Thanks for last night. Sorry if i was obnoxious. I respect your morals and i wouldn't want you to lose your virginity to a drunk girl in your mom's prius.
Call me when you get up. This hang-over is like dismantling a bomb: I need someone to talk me through it.
Somehow I got food poisoning AND alcohol poisoning in the same night. Its like everything I love is trying to kill me. I'm waiting for my tv to make its move.
What's up with the fire hydrant in the laundry room?
Remind me to tell you a really funny story about me and arson.
Lesson: Never rollerskate with a 40 in your hand unless you have a destination.
Can we go one day without you telling me that your dick misses me
I GOT THE PAPER IN AT 11:58
EAT MY ENTIRE ASS COM 101
Hydrocodon makes you feel like a fairy made out of pudding
I just realized I wasn't at the party anymore. I was just sitting there with a vacuum.
If all that ever happens between us is orgasms and dank memes, I think I'd be okay with that.

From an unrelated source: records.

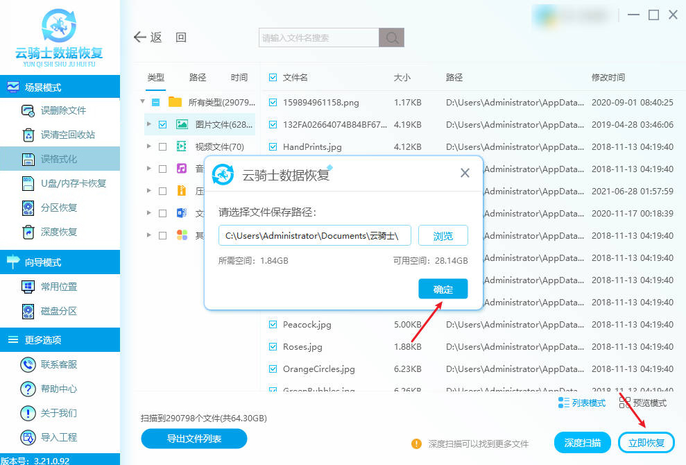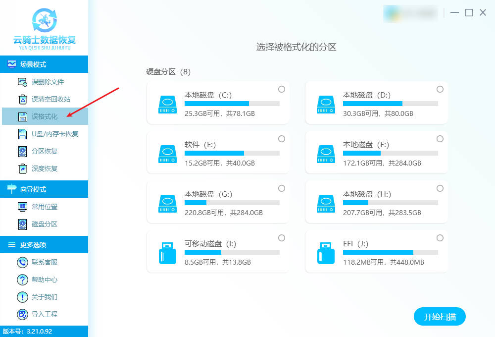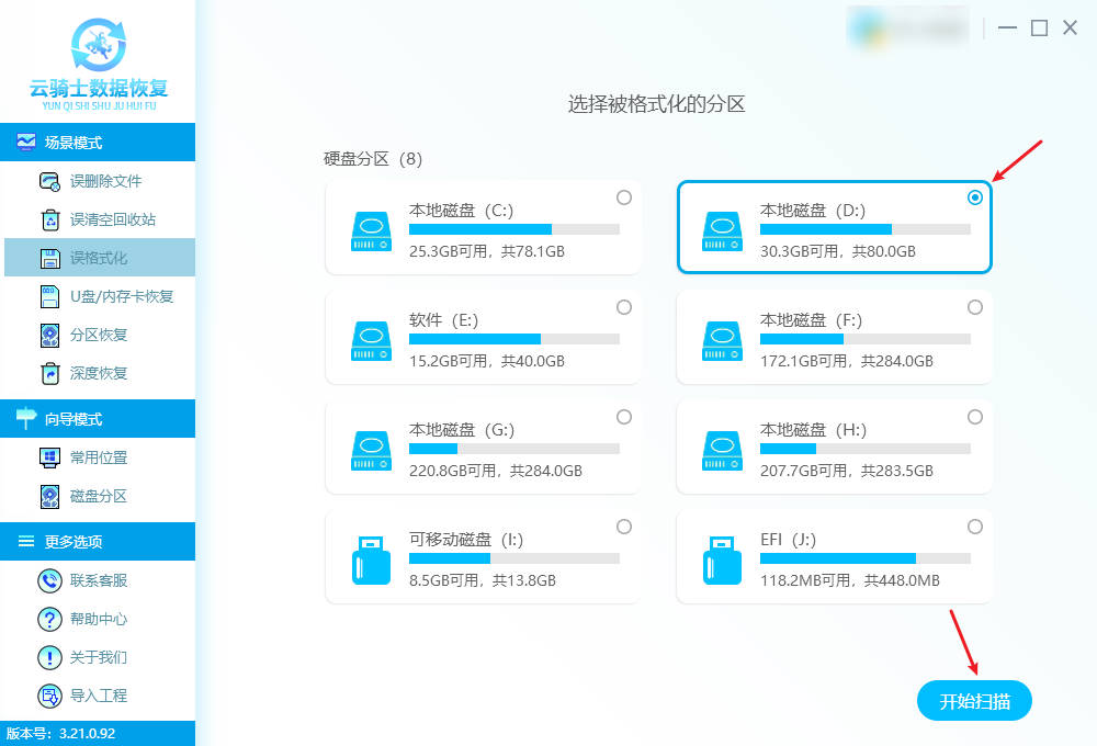 硬盘不小心被清除了,别慌。暂时别使用这块硬盘,防止新资料覆盖了旧资料。如果可以的话,试试数据恢复工具,例如云骑士数据恢复软件,它能够查找未被覆盖的部分来恢复资料。先去官网下载并安装到其他分区,接着打开软件,选择“误格式化”模式,对已清除的分区进行扫描,找到目标文件,勾选后保存到其他地方。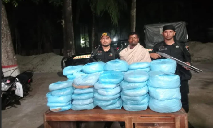 পিকআপে থাকা মাদক ব্যবসায়ী মানজারুল (৩৫)কে আটক করা হয়। এসময় পিকআপের চালক পালিয়ে যায়।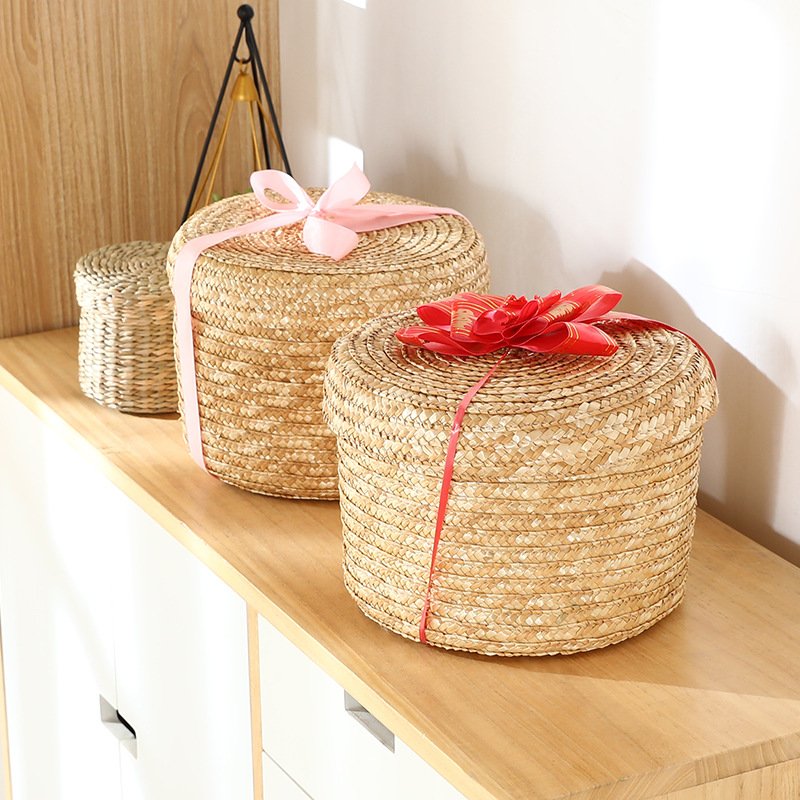 1. Hand – woven storage box with a lid and a decorative bow, perfect for keeping small jewelry, trinkets, or keepsakes safe and neatly stored.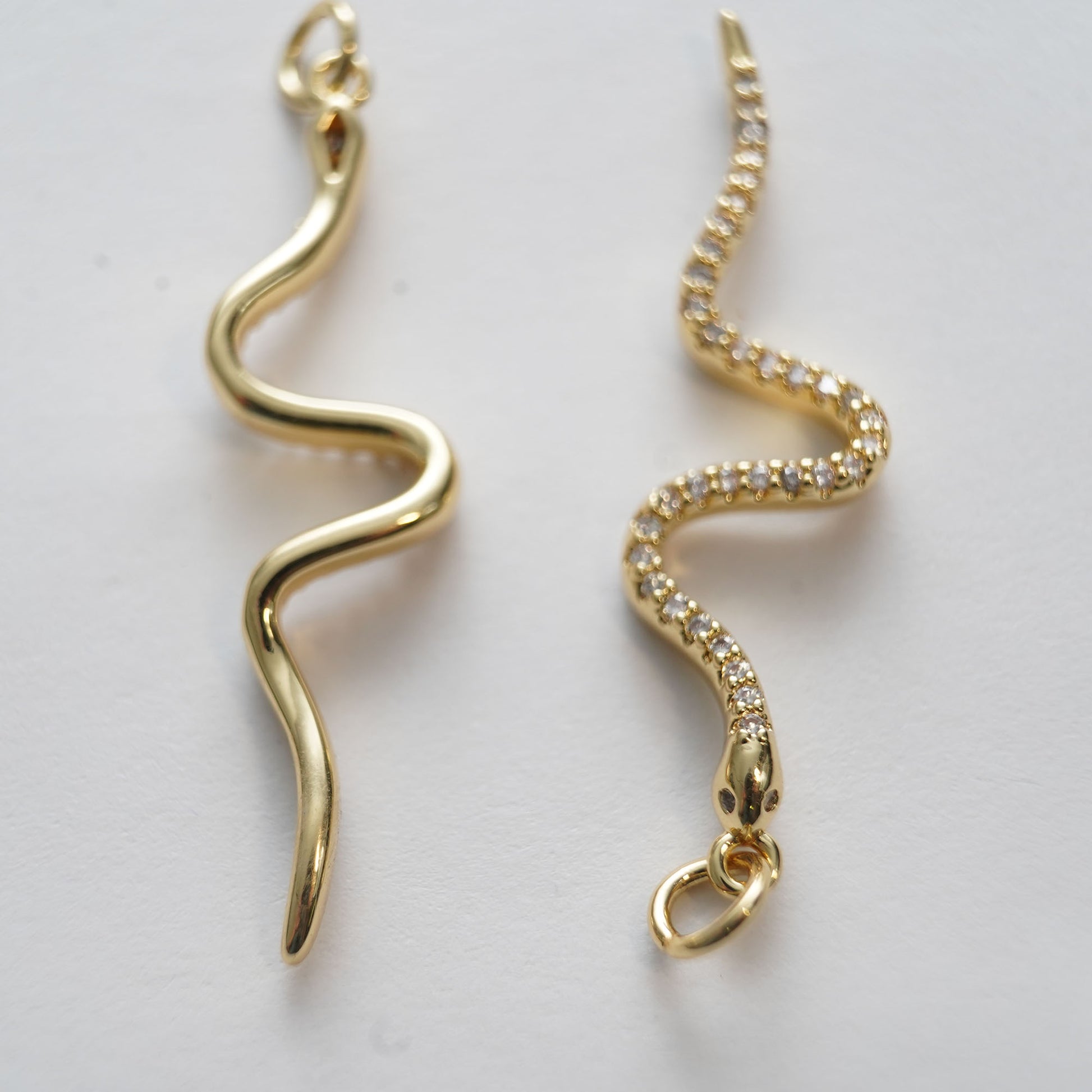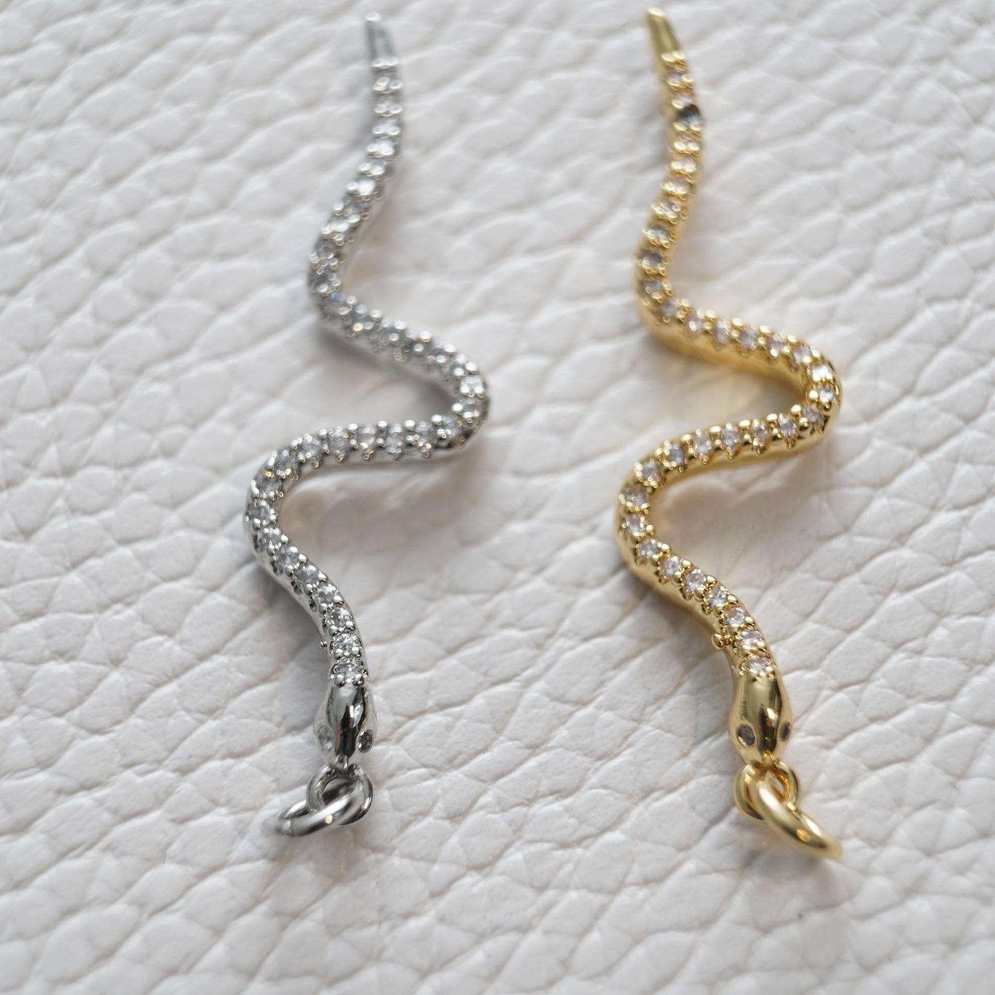 Gold Snake charms,18K Gold Filled CZ Micro Pave Snake Pendant,Silver Snake Charms Bracelet Necklace for DIY Jewelry Making Supply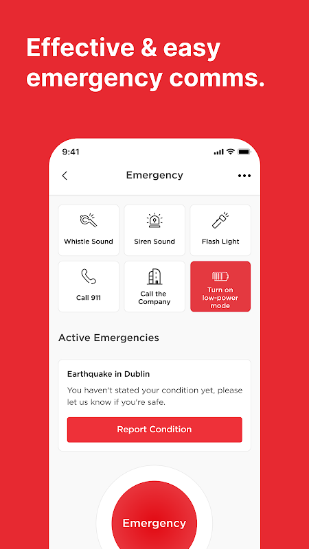 با برنامه اضطراری؛ موارد اضطراری را می توان به طور موثر از طریق اعلان های فشاری اعلام و به روز کرد و ارتباطات بی وقفه را ارائه می دهد. کارمندان با وضعیت ایمنی و موقعیت مکانی که در زمان واقعی با مدیران به اشتراک گذاشته می شود پاسخ می دهند. به علاوه، ارسال پیام به مخاطبین اضطراری یا تماس با خطوط اضطراری کمتر از یک دقیقه طول می کشد.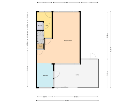 Bij binnenkomst stapt u de ruime hal in, waar u direct toegang heeft tot het toilet, de trap naar de eerste verdieping en de doorzonwoonkamer. Deze woonkamer loopt vloeiend over in de aangebouwde open keuken, voorzien van diverse inbouwapparatuur. Vanuit de keuken bereikt u de riante, aangebouwde veranda. Dankzij de grote glazendeuren geniet u hier van veel natuurlijk licht en een mooi zicht op de ruime achtertuin.
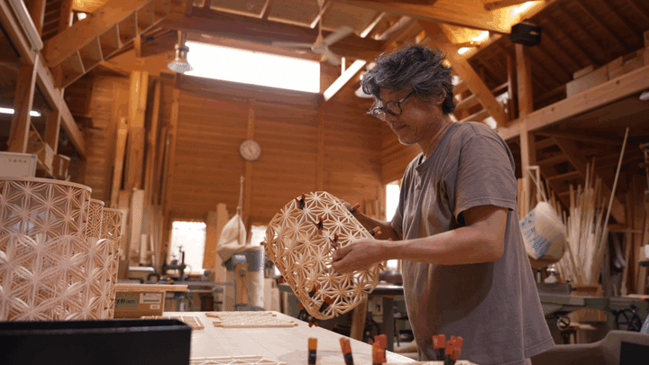 釘や金具を使わずに、細い木を幾何学的な文様に組み合わせる「組子」は、およそ1400年もの歴史を持つと伝わる日本の伝統的な木工技術です。そんな平面構造が当たり前の組子の常識を打ち破り、新たな技法「立体組子」を生み出したのが、「村山木工」の木工職人、村山伸一さん。世の中に存在していなかった唯一無二の技法を創り出しました。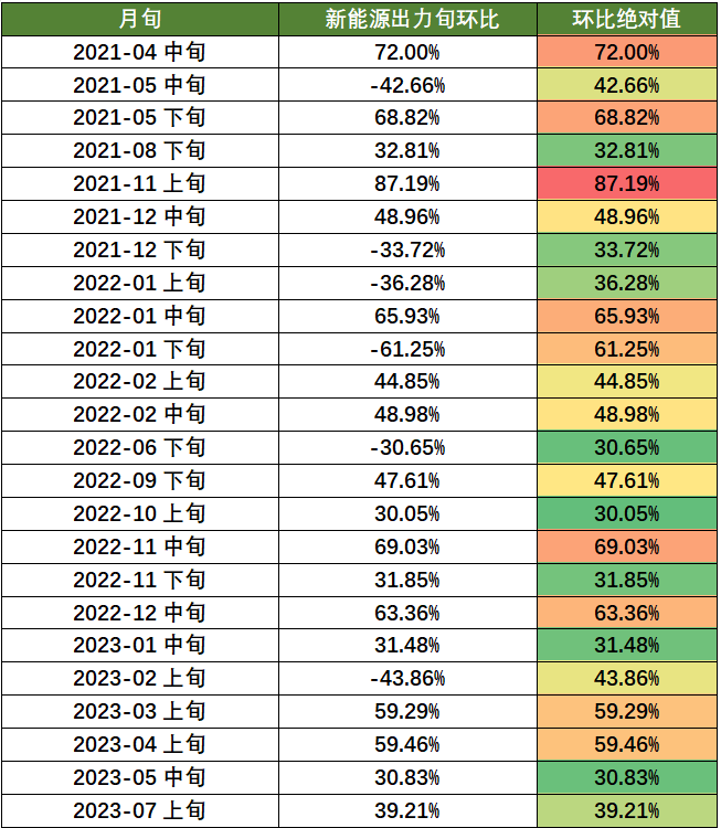 定義新能源波動較大的旬:新能源旬環(huán)比絕對值大于30%的旬。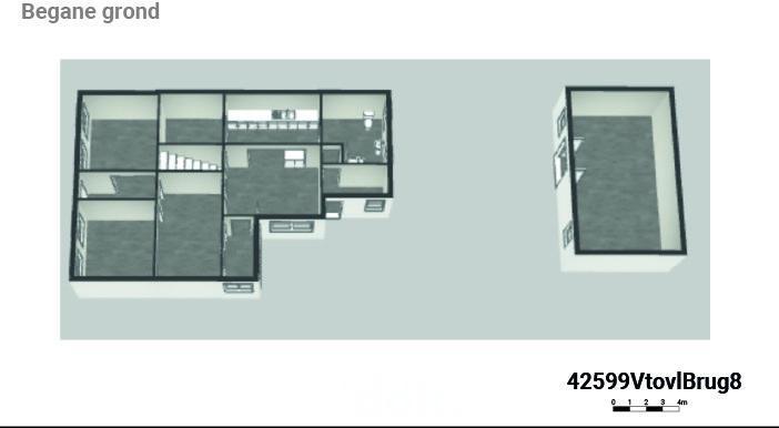RDC : entrée, bureau, salon, cuisine, débarras, salle de bains/buanderie.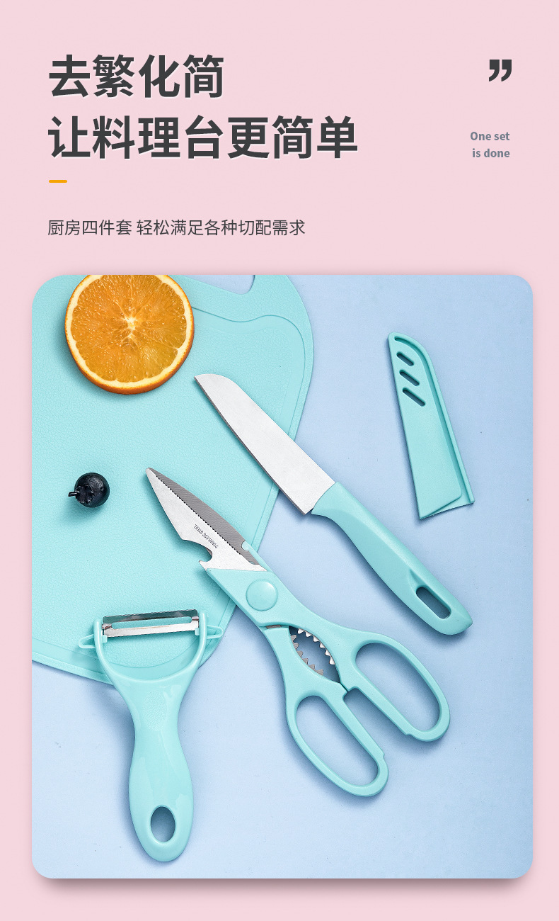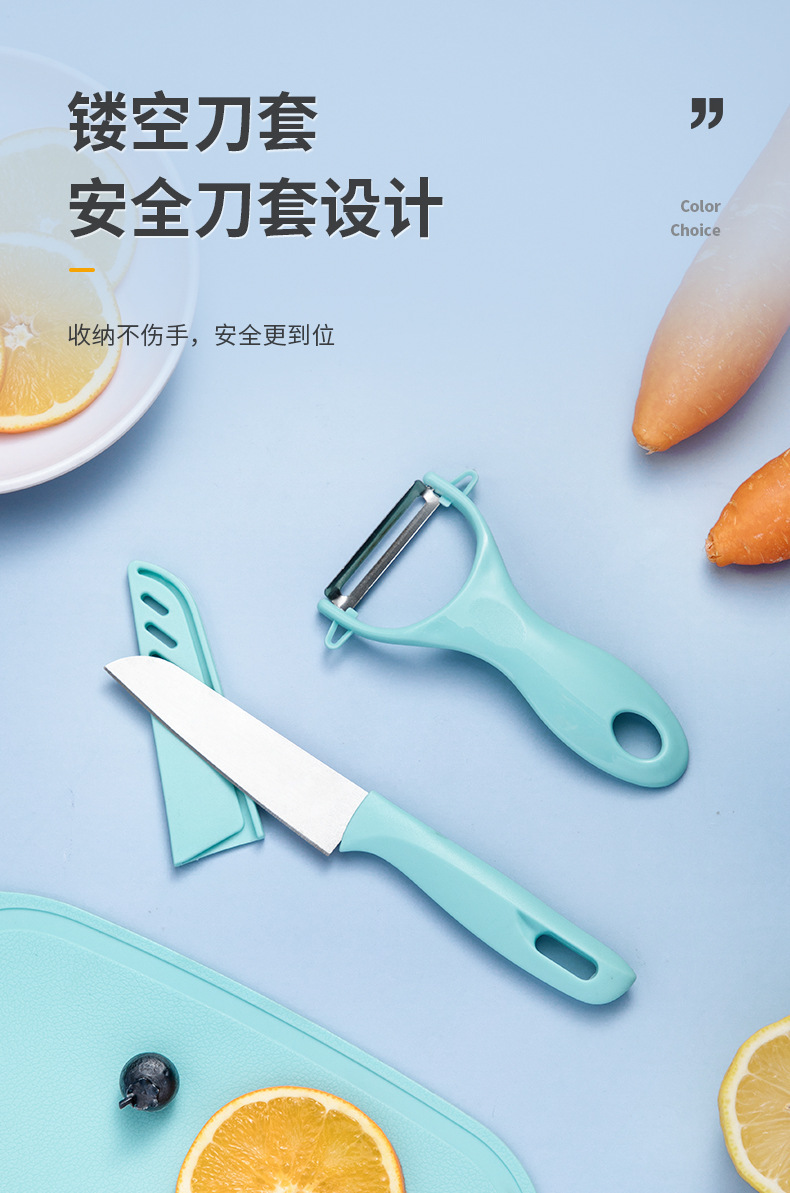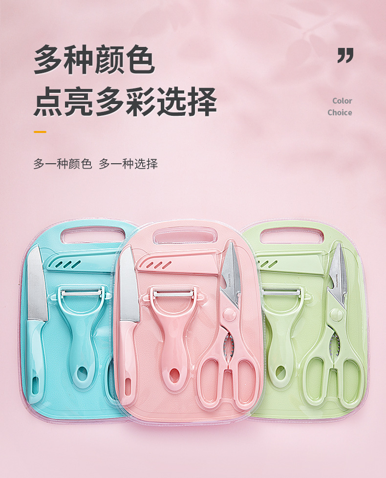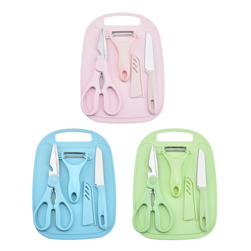 家用小刀4件套小砧板削皮器剪刀瓜刨组合刀辅食刀具套装厨房用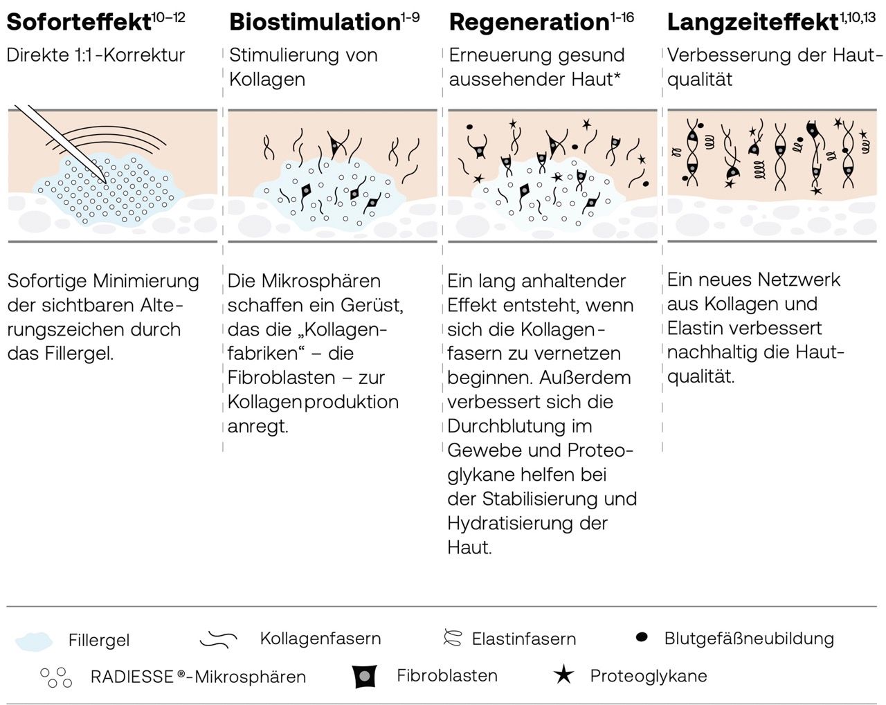 Radiesse ist ein wissenschaftlich belegter regenerativer Biostimulator, der direkt auf die Zellen in der Haut (z.B. Fibroblasten) einwirkt, um natürliche Bestandteile der Haut wiederherzustellen. Das führt nachhaltig zu einer Stabilisierung der Hautstruktur und kann sichtbaren Alterserscheinungen entgegenwirken.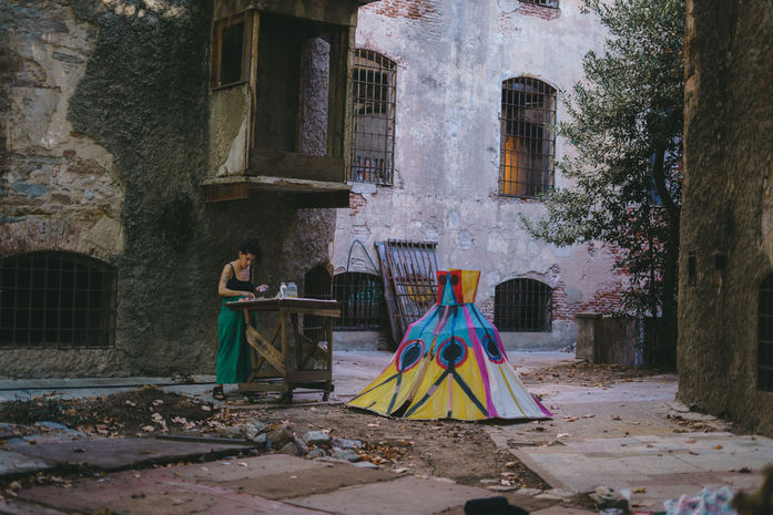 “Seis pieles de la insistencia” es la obra donde se crea e interviene el vestido-casa. Interacciones fue abrir esa obra. Insistir, volver sobre lo hecho. Nueve artistas y duplas invitadas a habitar ese hogar a su manera. Un encuentro de generosidades sobre una prenda hecha rastro de innumerables pieles.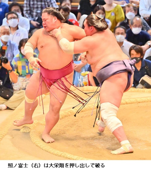 ▽大栄翔に横綱 照ノ富士は、照ノ富士が押し出しで2敗を守りました。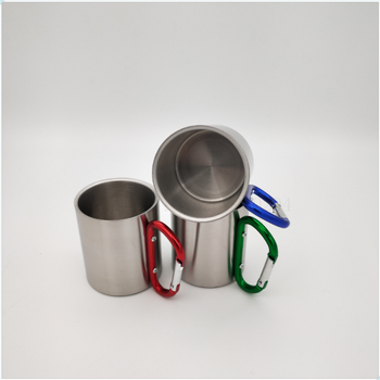 좋은 품질 220ml 300ml 이중 벽 등반 카라비너 여행 머그 손잡이 스테인레스 스틸 캠핑 카라비너 커피 컵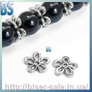 Бусина металева, колір срібло, 9х8х3,5 мм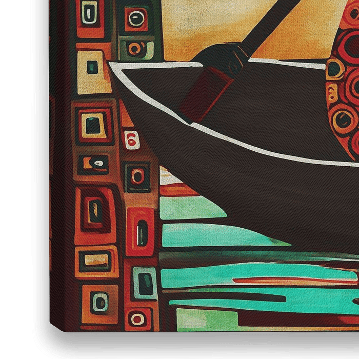 Bestelle dieses abstrakte Wandbild Afrikanisches Mädchen in traditioneller Kleidung in einem kleinen Boot von Jan Keteleer als Reproduktion auf Leinwand, Alu-Dibond, als Poster, Fototapete oder Acrylglasbild.

I was just giving a mobile app demo to a client, on my iPhone, when a reminder alert appeared across the page blinking "12pm: go home and give John head". You're an asshole
Hahaha oops.
Dude, I wish I could live my entire life blacked out.
Stumbled out of my bed this morning into the bathroom at 8 am still drunk, obviously. The Mormon on my floor was in the bathroom. I could practically hear her doing hail marys for me.
The text I got from my boyfriend this morning: "babe, I'm not mad because I know you were drunk, but you kissed 3 guys last night and I wasn't one of them".